Using the material that follows, output exactly the lines from the one containing "2022年9月8日下午,校党" through the one containing "Eficiencia de recuperación", with both ends kept.

┌─ SOURCE DATA

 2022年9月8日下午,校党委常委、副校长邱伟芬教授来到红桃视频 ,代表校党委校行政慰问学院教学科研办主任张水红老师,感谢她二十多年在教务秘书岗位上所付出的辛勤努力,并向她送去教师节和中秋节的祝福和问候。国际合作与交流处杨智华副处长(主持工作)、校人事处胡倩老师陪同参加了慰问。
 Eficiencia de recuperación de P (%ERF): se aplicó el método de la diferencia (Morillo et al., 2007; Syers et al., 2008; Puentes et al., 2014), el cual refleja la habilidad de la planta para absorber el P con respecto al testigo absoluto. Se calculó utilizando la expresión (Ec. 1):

└─
┌─ SOURCE DATA

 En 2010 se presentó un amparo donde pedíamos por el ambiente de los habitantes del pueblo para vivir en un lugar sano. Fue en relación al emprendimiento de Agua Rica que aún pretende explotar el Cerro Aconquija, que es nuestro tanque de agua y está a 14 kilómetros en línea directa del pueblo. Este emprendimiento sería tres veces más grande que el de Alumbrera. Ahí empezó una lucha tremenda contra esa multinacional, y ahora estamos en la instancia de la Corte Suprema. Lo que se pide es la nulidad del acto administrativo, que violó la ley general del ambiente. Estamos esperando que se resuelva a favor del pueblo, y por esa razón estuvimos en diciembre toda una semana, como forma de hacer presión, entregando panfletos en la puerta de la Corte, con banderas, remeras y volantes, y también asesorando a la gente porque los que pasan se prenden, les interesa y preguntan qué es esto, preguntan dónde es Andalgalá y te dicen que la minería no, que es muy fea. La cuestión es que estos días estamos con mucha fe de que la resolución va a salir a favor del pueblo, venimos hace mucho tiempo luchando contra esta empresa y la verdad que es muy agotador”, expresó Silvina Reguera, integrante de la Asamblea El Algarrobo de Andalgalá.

└─

ANSWER FOR THE TASK -
 2022年9月8日下午,校党委常委、副校长邱伟芬教授来到红桃视频 ,代表校党委校行政慰问学院教学科研办主任张水红老师,感谢她二十多年在教务秘书岗位上所付出的辛勤努力,并向她送去教师节和中秋节的祝福和问候。国际合作与交流处杨智华副处长(主持工作)、校人事处胡倩老师陪同参加了慰问。
 Eficiencia de recuperación de P (%ERF): se aplicó el método de la diferencia (Morillo et al., 2007; Syers et al., 2008; Puentes et al., 2014), el cual refleja la habilidad de la planta para absorber el P con respecto al testigo absoluto. Se calculó utilizando la expresión (Ec. 1):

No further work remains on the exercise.